2.3 Dit betekent dat de grondslag aan de vordering jegens [verweerder], zoals geformuleerd in de memorie van grieven (onder 3.3 en verder) is komen te ontvallen. Grief 3 faalt daarmee."
Het hof heeft vervolgens het beroepen vonnis van de kantonrechter bekrachtigd.
11. Amba is tegen het eindarrest van het hof (tijdig) in cassatie gekomen met een uit verscheidene onderdelen opgebouwd middel. [Verweerder] is in cassatie niet verschenen. Tegen hem is verstek verleend.
12. Naar de kern genomen beklaagt het middel zich erover dat het hof in de aangehaalde r.o. 2.2 en 2.3 van het eindarrest ten onrechte is teruggekomen van zijn in het tussenvonnis in r.o. 4.3 als eindbeslissing aan te merken oordeel dat door handelingen van [verweerder] en door factoren die voor zijn risico komen het vertrouwen van Amba is gewekt dat [betrokkene 1] optrad voor [verweerder], en dat daarom aan Amba niet kan worden tegengeworpen dat de door [betrokkene 1] gedane bestellingen niet namens [verweerder] zijn verricht.

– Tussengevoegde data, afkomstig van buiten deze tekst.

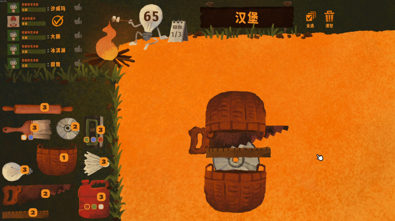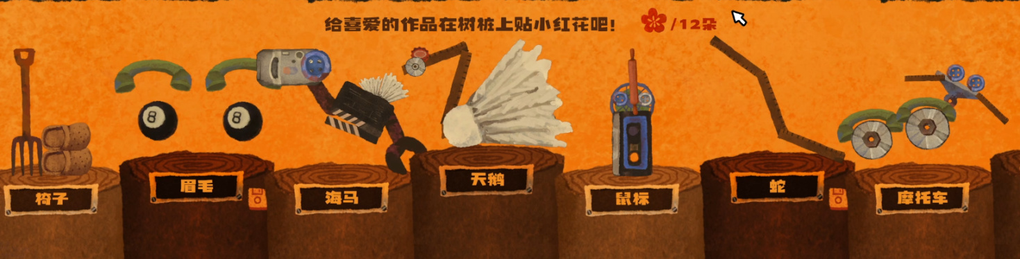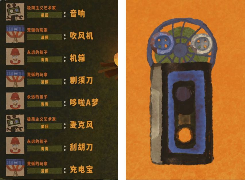 《破烂艺术家》围绕着一方“作画”,多方猜词的模式,只不过游戏干脆抛弃了画笔作画的方式,而是给你一堆生活中那些,有用的没用的道具,诸如雨伞、梳子、灯泡、擀面杖、尺子、菜篮等五花八门的物品,让玩家去拼贴创作。

Naar ik begrijp - in de aanhef van het middel wordt het hof niet alleen schending van recht, maar ook verzuim van op straffe van nietigheid in acht te nemen vormvoorschriften verweten; zie ook de namens Amba gegeven schriftelijke toelichting onder 2.1 - bestrijdt het middel het gewraakte oordeel van het hof niet alleen als onjuist, maar ook als onvoldoende gemotiveerd.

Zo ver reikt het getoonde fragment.